In this case, however, I suspect CharEnumerator was introduced (way back in .NET 1.0) to avoid having to box each character in the string. This was one reason for foreach handling to be based on types obeying the enumerable pattern, as well as there being support through the normal interfaces. It strikes me that it could still have been a structure in the same way as for List<T>, but maybe that wasn’t considered as an option.

Anyway, it means that I would have expected the code to be compiled like this, even back to C# 1:

CharEnumerator iterator = text.GetEnumerator();
try
{
    while (iterator.MoveNext())
    {
        char ch = iterator.Current;
        // Body here
    }
}
finally
{
    iterator.Dispose();
}

What really happens when text is declared as string

(This is the bit that surprised me.)

So far, I’ve been assuming that the C# compiler doesn’t have any special knowledge about strings, when it comes to iteration. I knew it did for arrays, but that’s all. The actual result – under the C# 5 compiler, at least – is to use the Length property and the indexer directly:

int index = 0;
while (index < text.Length)
{
    char ch = text[index];
    index++;
    // Body here
}

There’s no heap allocation, and no Dispose call. If the variable in question can change its value within the loop (e.g. if it’s a field, or a captured variable, or there’s an assignment to it within the body) then a copy is made of the variable value (just a reference, of course) first, so that all member access is performed on the same object.

Conclusion

So, there we go. There’s nothing particularly mind-blowing here – certainly nothing to affect your programming style, unless you were deliberately avoiding using foreach on strings "because it’s slow." It’s still a good lesson in not assuming you know what the compiler is going to do though… so long as the results are as expected, I’m very happy for them to put extra smarts in, even if it does mean having to change my C# in Depth sample code a bit…

19 thoughts on “How can I enumerate thee? Let me count the ways…”

  1. Interesting read. Your blog, SO answers and videos on Tekpub in particular are extremely inspirational for a young developer. It makes me think about my code in ways I haven’t done before, and it makes me curious to see what the compiler does to my code.

  2. Interesting. Of course, in a variety of ways I think System.String has a special relationship with the compiler. Another example is interning of literals. I never had looked at the actual compiler output before, but it doesn’t surprise me to find System.String special-cased in this way.
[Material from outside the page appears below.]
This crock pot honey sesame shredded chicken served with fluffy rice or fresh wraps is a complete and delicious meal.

    I’ll bet there are other ways it’s handled in special ways by the compiler too.

    By the way, I think in your first example, you meant to write this instead:

    IDisposable disposable = iterator as IDisposable;
    if (disposable != null)
    {
    disposable.Dispose();
    }

  3. @pete: Thanks, will fix the disposable typo.

    @tobi: The array case isn’t applicable here – I explicitly stated that “text” refers to an instance of System.String here. I didn’t want to get into the details of the array case here, as it wasn’t relevant to the specific situation I was looking at.
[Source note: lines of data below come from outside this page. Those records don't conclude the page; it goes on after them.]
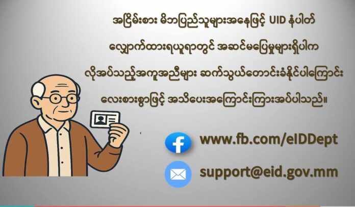 ထိုသိူ့ထုတ်ပေးရာတွင် အထူးသဖြင့် အသက်အရွယ်ကြီးပြီဖြစ်သည့်အဖိုးအဖွားများ၊ သွားလာခက်ခဲသူများအတွက် အိမ်တိုင်ရာရောက် (Home Service) ဖြင့် UID လုပ်ငန်းကိုအဆင်ပြေဆုံးအောင် ဆောင်ရွက်ပေးနေကြောင်းလည်း သိရသည်။
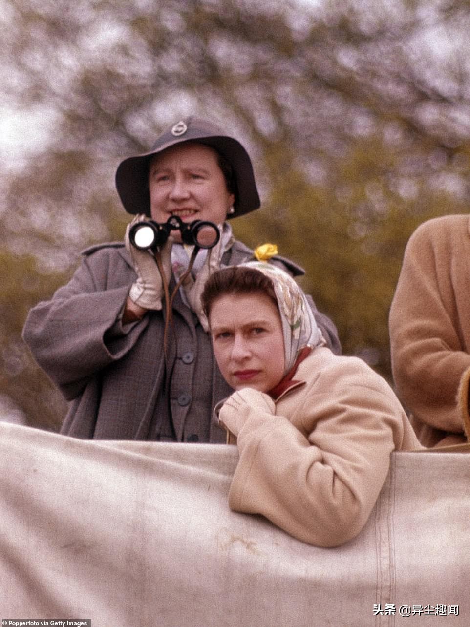 60.1957 年,伊丽莎白二世在与太后在观看赛马比赛中看起来非常严肃。
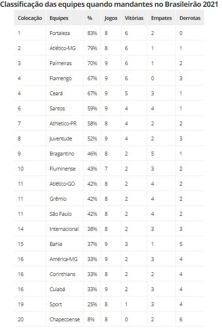 De acordo com a tabela do Espião Tático, do site Globo Esporte, mostra como está a classificação dos times como mandante da Série A do Campeonato Brasileiro. Principalmente quem tem a melhor campanha atuando em seus domínios, durante a sequência do certame nacional.
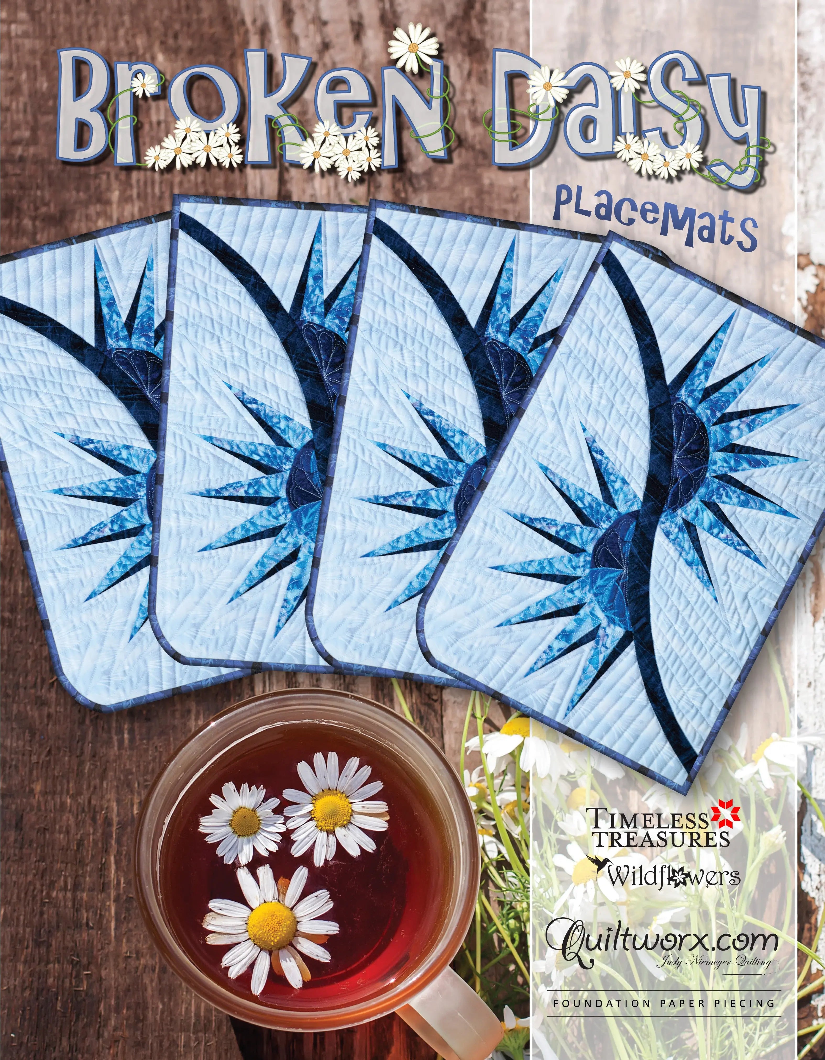 Broken Daisy is a foundation paper pieced place mat. Pattern includes enough foundation papers to make 4 place mats. Size 14in x 17in
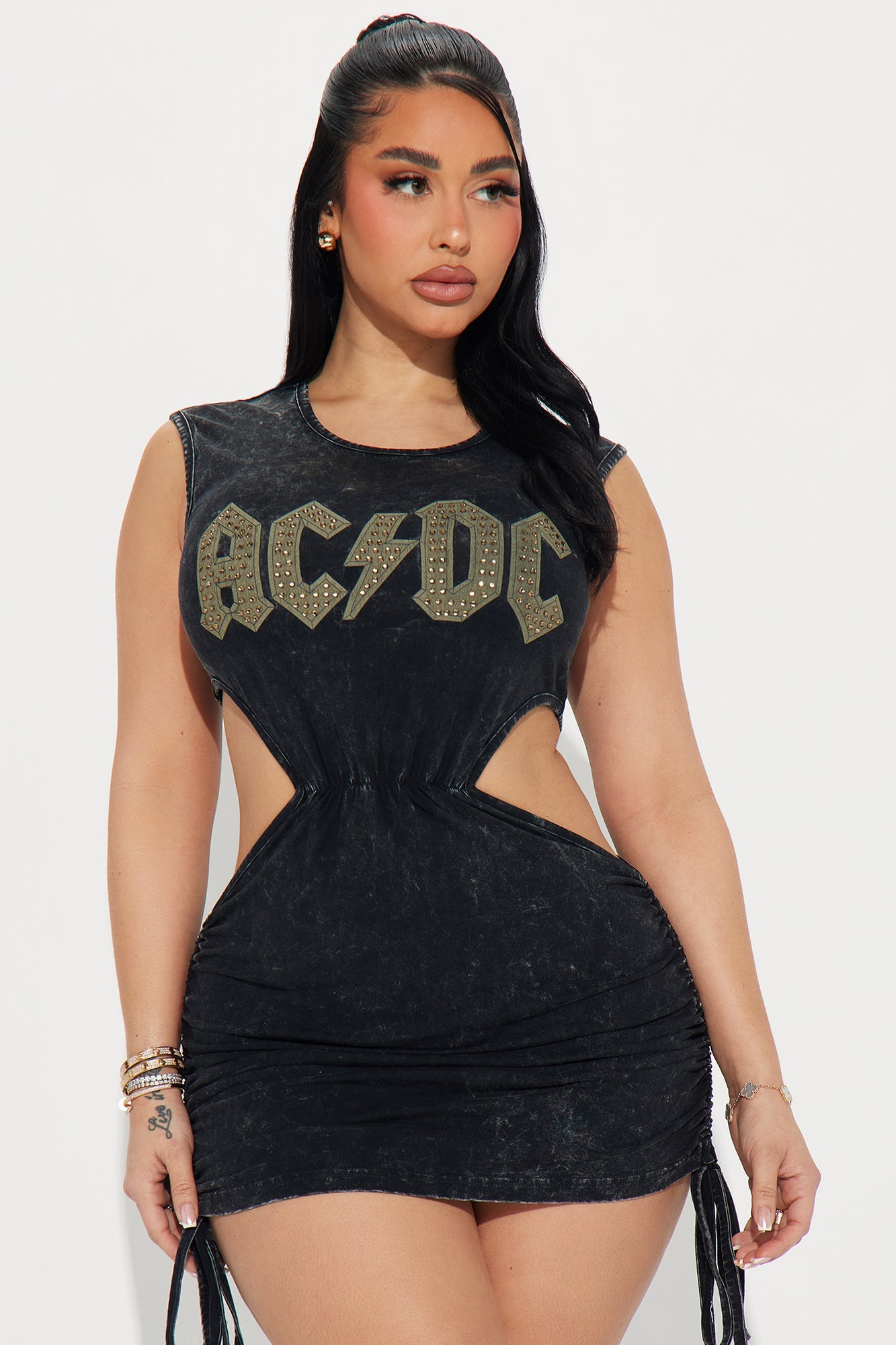 ACDC Rhinestone Cut Out Mini Dress - Black Wash
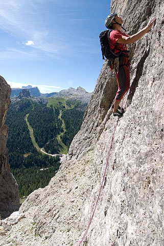Sul terzo tiro della nuva via aperta da Paolo Da Pozzo e Giuseppe Ghedina sul Co dei Bos (Falzarego, Dolomiti)
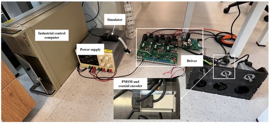 Figure 2 illustrates the measurement setup of the PMSM servo experimental platform, which consists of a power supply, an industrial control computer, a simulator, a driver, a PMSM, and a coaxial encoder. The industrial control computer is responsible for sending speed commands and adjusting the parameters of the PI controller, while the simulator is tasked with programming the programs into the driver. The driver integrates a dual-loop controller for current and speed, SPWM, and a three-phase inverter module. The encoder detects the rotor position of the motor in real time at a sampling frequency synchronized with the control cycle, converting the mechanical angle into electrical pulse signals that are fed back to the driver. Additionally, a first-order low-pass filtering algorithm is employed for signal processing to mitigate the impact of noise. The power supply for the measurement setup is sourced from Sichuan University in Chengdu, China, the motor is supplied by Panasonic Electric Works (China) Co., Ltd. in Chengdu, China, and the remaining components are sourced from Leetro Automation Technology Co., Ltd. in Chengdu, China.
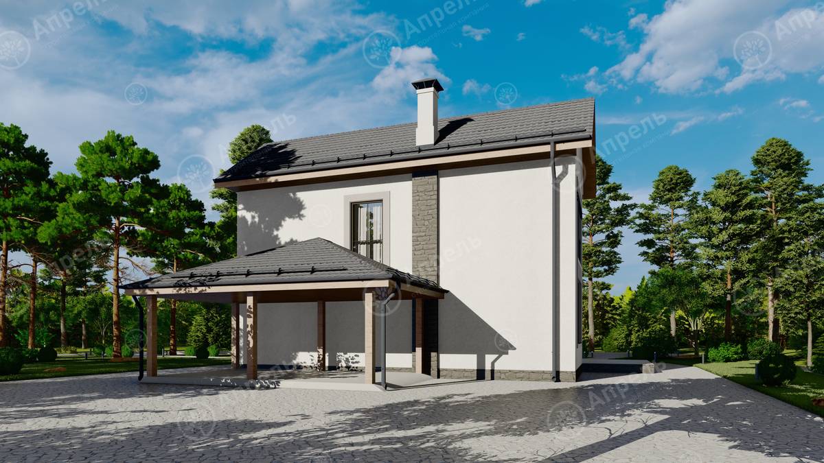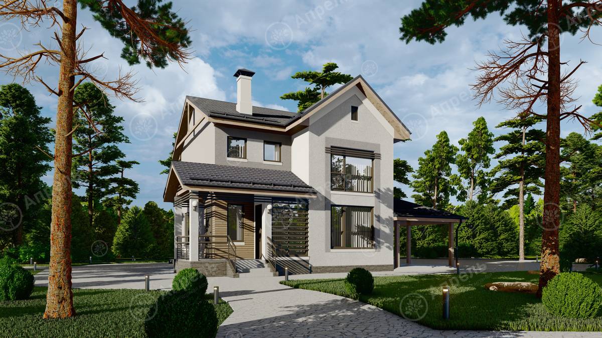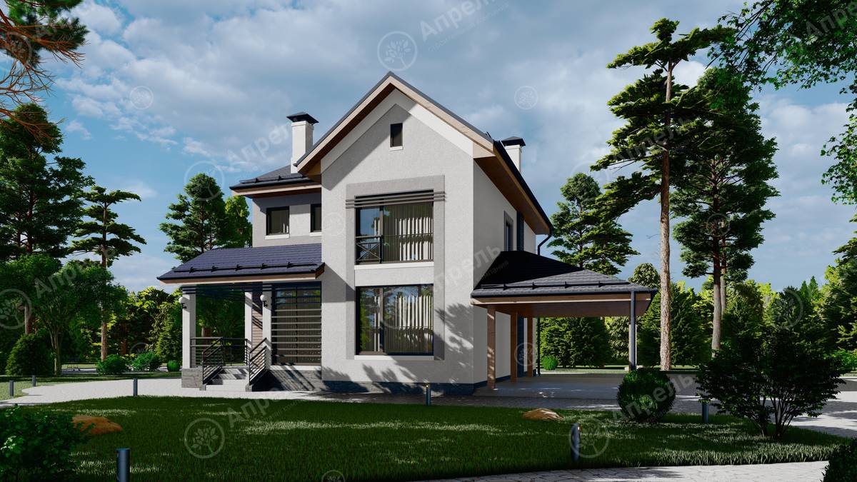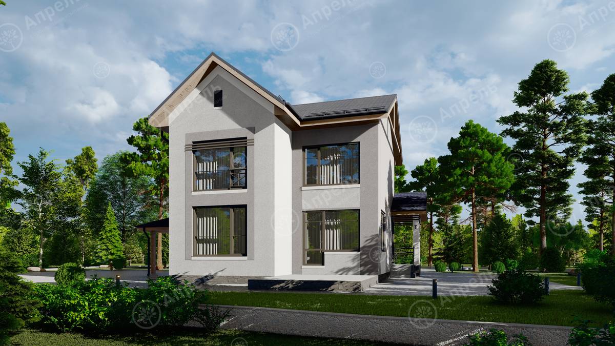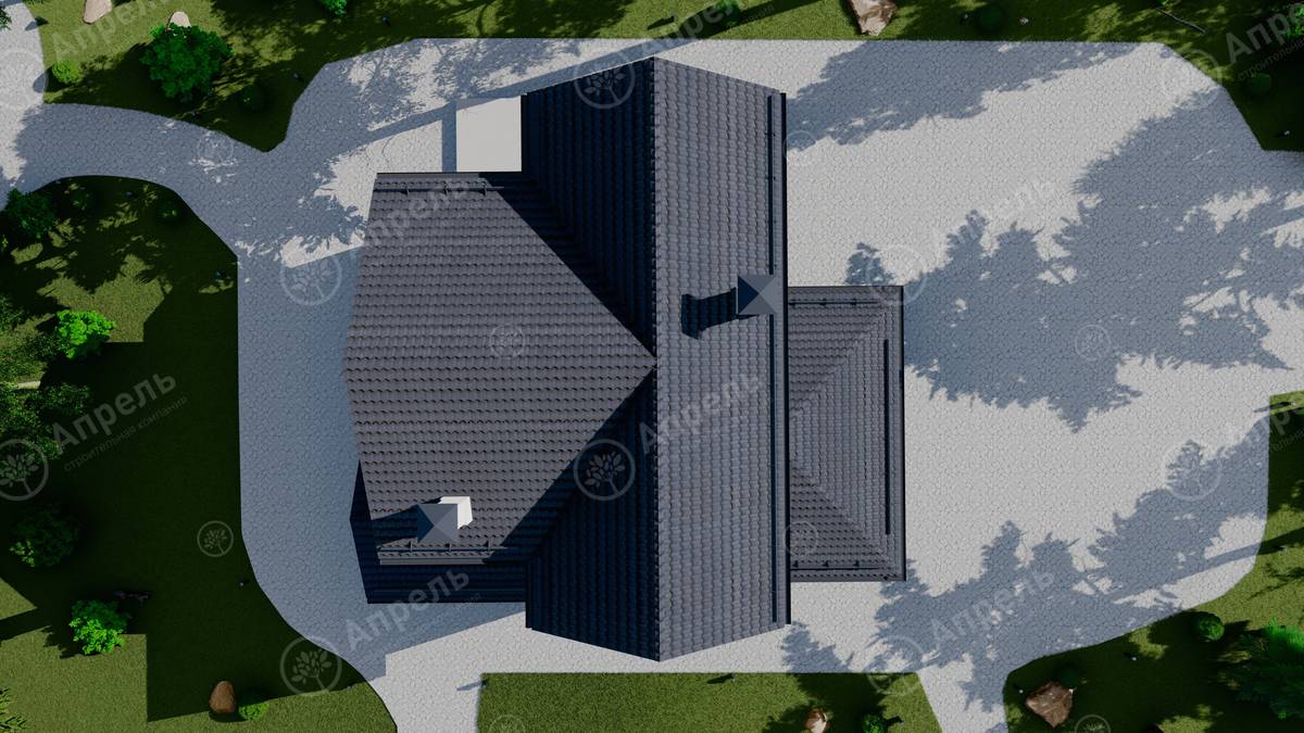 Стропильный каркас (доска сечением 200х50 мм), обрешетка (доска сечением 150х25 мм). Контробрешетка из бруска (50х50 мм). Пропитка пиломатериала огнебиозащитой. Ветро-влагозащитная мембрана Изоспан. Кровля — металлочерепица Grand Line (толщина 0,5 мм). Обшивка свесов кровли виниловыми софитами, монтаж ветровой планки.

  4. This should be an obvious comment: The reason they can use an indexer directly and not an Enumerator is that strings are immutable – there is no risk of the string changing, and no exception will be thrown.
    If there is ever real support for immutable collections (as opposed to read-only collections), we would probably see a lot more of similar optimizations.
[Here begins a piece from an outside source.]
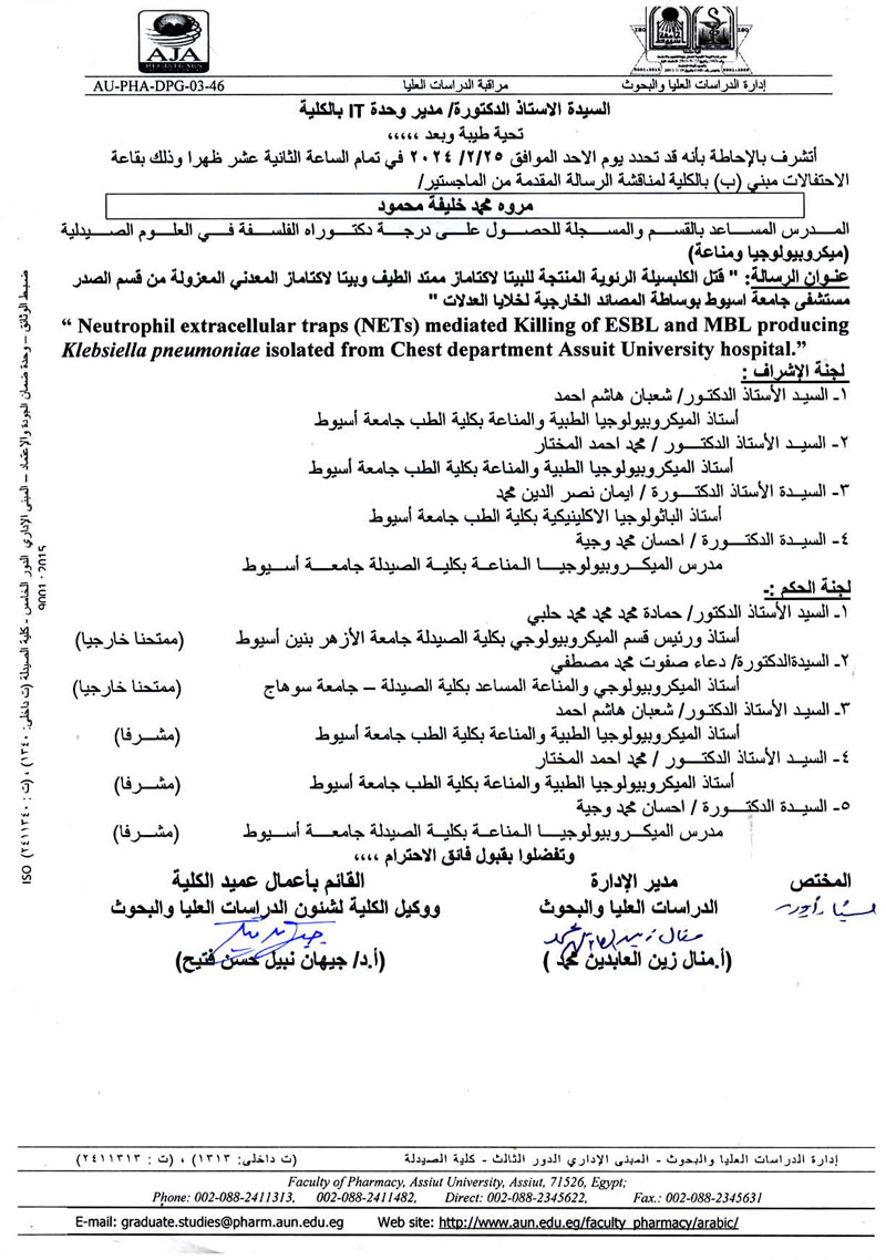 مناقشة رسالة الماجستير المقدمة من الصيدلانية/ نورهان عاطف عبد العظيم- لنيل درجة الماجستير فى العلوم الصيدلية (ميكروبيولوجيا ومناعة) من الخارج يوم الخميس الموافق 21 مارس 2024
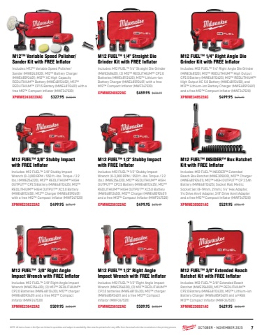 NOTE: All items shown in this flyer are limited in quantities and subject to availability. Also note the printed color may differ from the actual color due to variations in the printing process. OCTOBER - NOVEMBER 2025 7M12%u2122 Variable Speed Polisher/Sander Kit with FREE InflatorIncludes: M12%u2122 Variable Speed Polisher/Sander (MWE243820), M12%u2122 Battery Charger (MWE48592401), M12%u2122 XC High Capacity REDLITHIUM%u2122 Battery (MWE48112402), M12%u2122 REDLITHIUM%u2122 CP1.5 Battery (MWE48112401) with a free M12%u2122 Compact Inflator (MWF247520)XPMWE243822XAC $327.95 $502.19M12 FUEL%u2122 1/4\Grinder Kit with FREE InflatorIncludes: M12 FUEL%u2122 1/4\(MWE248620), (2) M12%u2122 REDLITHIUM%u2122 CP2.0 Batteries (MWE48112420), M12%u2122 Lithium-Ion Battery Charger (MWE48592401) with a free M12%u2122 Compact Inflator (MWF247520)XPMWE248622AC $459.95 $634.19M12 FUEL%u2122 3/8\with FREE InflatorIncludes: M12 FUEL%u2122 3/8%u201d Stubby Impact Wrench (0-3,000 RPM / 550 ft.-lbs. Torque / 2.2 lbs.) (MWE256220), M12%u2122 REDLITHIUM%u2122 HIGH OUTPUT%u2122 CP2.5 Battery (MWE48112425), M12%u2122 REDLITHIUM%u2122 HIGH OUTPUT%u2122 XC5.0 Battery (MWE48112450), M12%u2122 Charger (MWE48592401) with a free M12%u2122 Compact Inflator (MWF247520)XPMWE256222AC $499.95 $674.19M12 FUEL%u2122 1/2\with FREE InflatorIncludes: M12 FUEL%u2122 1/2%u201d Stubby Impact Wrench (0-3,000 RPM / 550 ft.-lbs. Torque / 2.2 lbs.) (MWE256320), M12%u2122 REDLITHIUM%u2122 HIGH OUTPUT%u2122 CP2.5 Battery (MWE48112425), M12%u2122 REDLITHIUM%u2122 HIGH OUTPUT%u2122 XC5.0 Battery (MWE48112450), M12%u2122 Charger (MWE48592401) and a free M12%u2122 Compact Inflator (MWF247520)XPMWE256322AC $499.95 $674.19M12 FUEL%u2122 3/8\Impact Wrench with FREE InflatorIncludes: M12 FUEL%u2122 3/8\Wrench (MWE256420), (2) M12%u2122 REDLITHIUM%u2122 CP2.0 Batteries (MWE48112420), M12%u2122 charger (MWE48592401) and a free M12%u2122 Compact Inflator (MWF247520)XPMWE256422AC $509.95 $684.19M12 FUEL%u2122 1/2\Impact Wrench with FREE InflatorIncludes: M12 FUEL%u2122 1/2\Wrench (MWE256520), (2) M12%u2122 REDLITHIUM%u2122 CP2.0 batteries (MWE48112420), M12%u2122 charger (MWE48592401) and a free M12%u2122 Compact Inflator (MWF247520)XPMWE256522AC $509.95 $684.19M12 FUEL%u2122 3/8\Ratchet Kit with FREE InflatorIncludes: M12 FUEL%u2122 3/8\Ratchet (MWE256020), M12%u2122 REDLITHIUM%u2122 CP2.0 Battery (MWE48112420), M12%u2122 Lithium-ion Battery Charger (MWE48592401) and a FREE M12%u2122 Compact Inflator (MWF247520)XPMWE256921AC $429.95 $604.19M12 FUEL%u2122 INSIDER%u2122 Box Ratchet Kit with FREE InflatorIncludes: M12 FUEL%u2122 INSIDER%u2122 Extended Reach Box Ratchet (MWE305020), M12%u2122 Charger (MWE48592401), M12%u2122 HIGH OUTPUT%u2122 CP 2.5Ah Battery (MWE48112425), Socket Rail, Metric Socket Set (8-19mm, 21mm), 1/4%u201d Hex Adapter, 1/4 Drive Anvil Adapter, 3/8%u201d Drive Anvil Adapter and a free M12%u2122 Compact Inflator (MWF247520)XPMWE305021AC $529.95 $704.19M12 FUEL%u2122 1/4\Grinder Kit with FREE InflatorIncludes: M12 FUEL%u2122 1/4\(MWE348520), M12%u2122 REDLITHIUM%u2122 High Output CP2.5 Battery (MWE48112425), M12%u2122 REDLITHIUM%u2122 High Output XC 5.0 Battery (MWE48112450), and M12%u2122 Lithium-ion Battery Charger (MWE48592401) and a free M12%u2122 Compact Inflator (MWF247520)XPMWE348522AC $499.95 $674.19

  5. In the third example, I assume that you meant to say:
    CharEnumerator iterator = text.GetEnumerator();
    instead of:
    IEnumerator iterator = text.GetEnumerator();

  6. Some text e.g ‘text’ and ‘System.String’ in the following quoted from the top of your page is about 1/4 the size of the rest in firefox, Unreadable.

    “Given that at execution time, text refers to an instance of System.String, and… “

  7. @Graeme: Ages ago I tried fighting against the CSS to get the inline monospaced font to work here. I’m afraid I never managed – and I gave up trying, after spending ages tearing my hair out :(

  8. @skeet: Try changing the “font-size:81%” to “font-size:13px” for the body element. (style.css, line 16)

  9. @Richard: Unfortunately I don’t get to control that style sheet :(

    I’m beginning to think I should start hosting my blog myself…

  10. @Dan: No, the compiler gets to see that it’s a string. First port of call would normally be to see whether it’s got a GetEnumerator() method following the right pattern, i.e. the CharEnumerator version.

    It’s the Length/indexer version which is the surprise…

  11. Why do you always use in your examples:

    try
    {
    }
    finally
    {
    variable.Dispose();
    }

    Is it your impression how compile should work or how developer should write the code?

  12. If the JIT had done better in-lining in V1 and could detect when a heap allocation can be converted into a stack allocation, these special cases may never have been needed.

Comments are closed.